Records for this task START

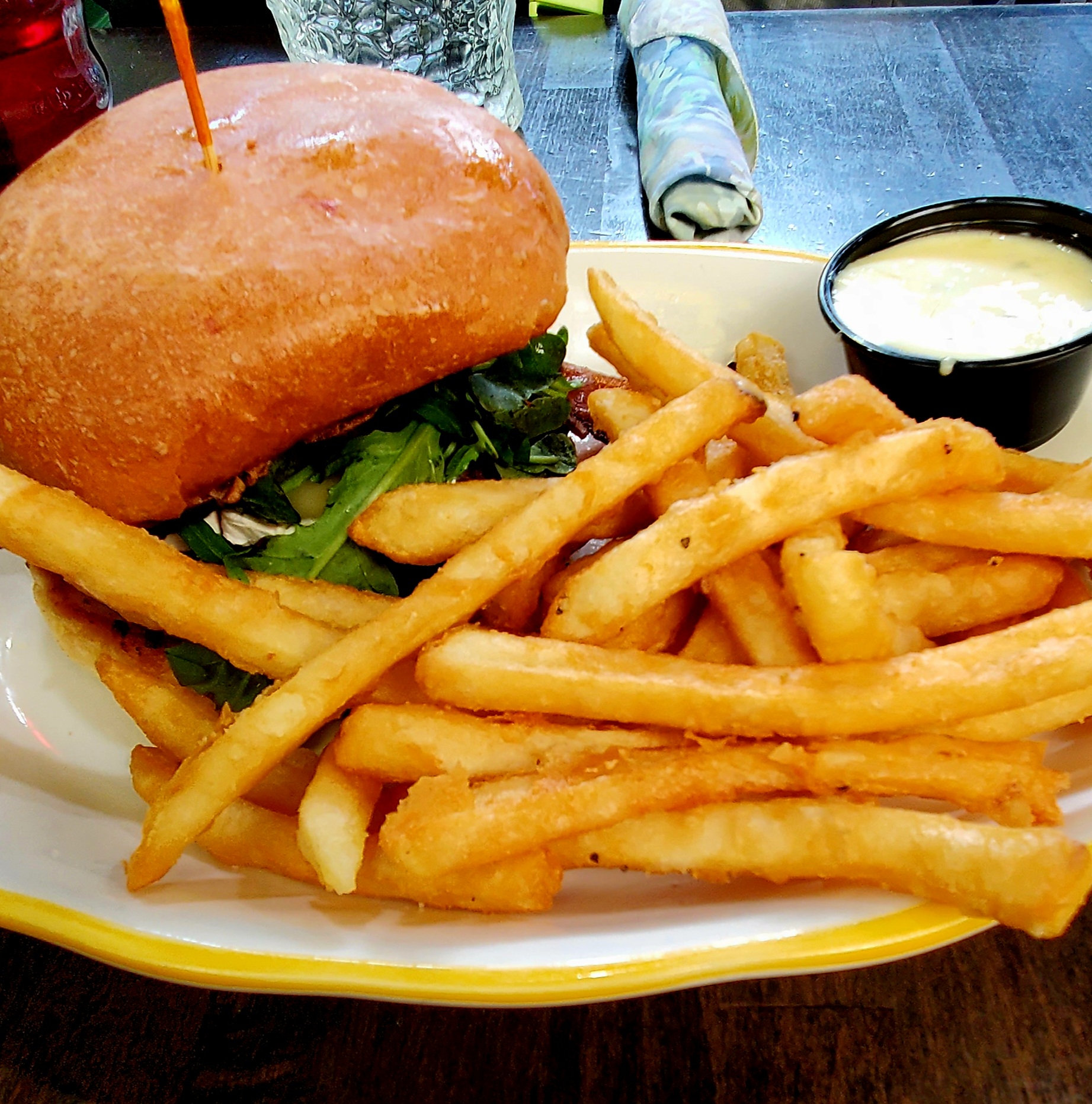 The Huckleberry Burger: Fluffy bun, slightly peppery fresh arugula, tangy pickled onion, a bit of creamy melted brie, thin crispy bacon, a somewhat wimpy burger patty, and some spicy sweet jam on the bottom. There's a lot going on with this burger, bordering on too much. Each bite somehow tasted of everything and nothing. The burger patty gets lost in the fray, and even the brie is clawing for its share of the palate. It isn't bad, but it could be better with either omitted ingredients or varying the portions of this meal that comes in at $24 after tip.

Records for this task END
Records for this task START

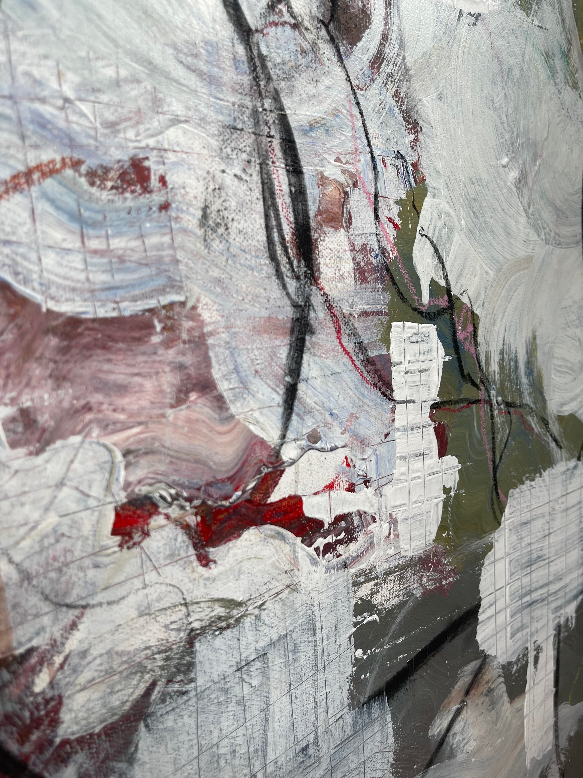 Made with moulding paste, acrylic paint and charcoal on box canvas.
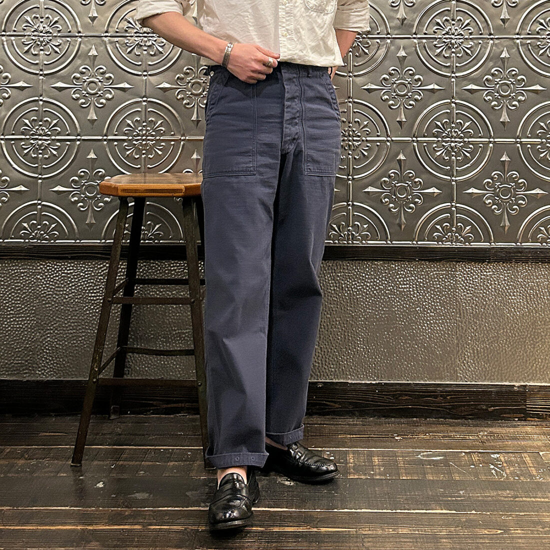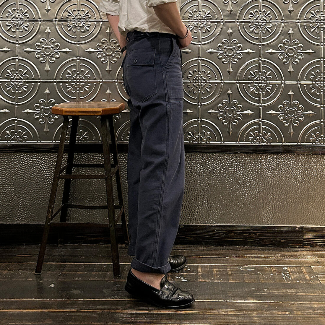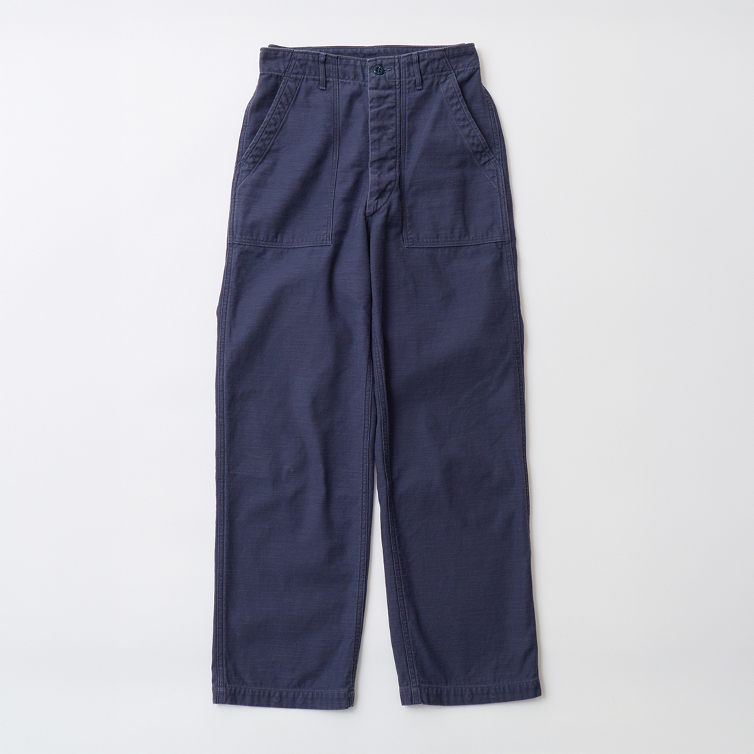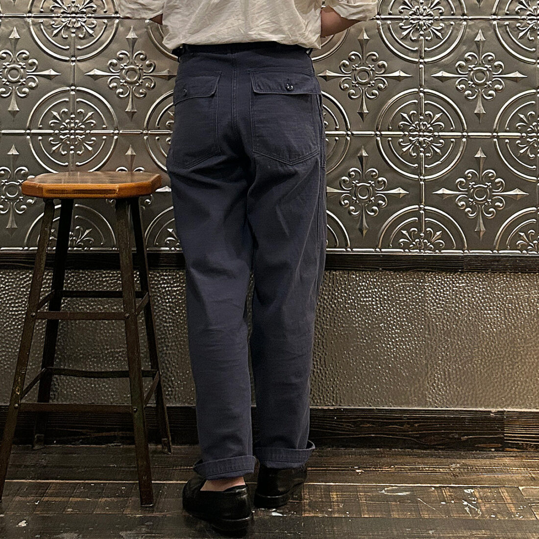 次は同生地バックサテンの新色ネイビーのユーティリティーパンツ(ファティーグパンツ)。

Records for this task END

### Task objective
Set the pictures aside and retype exactly the lines above from the line with "Made with moulding" to the line with "次は同生地バックサテンの新色", both included, adding no others.

### Result of this exercise
 Made with moulding paste, acrylic paint and charcoal on box canvas.
 次は同生地バックサテンの新色ネイビーのユーティリティーパンツ(ファティーグパンツ)。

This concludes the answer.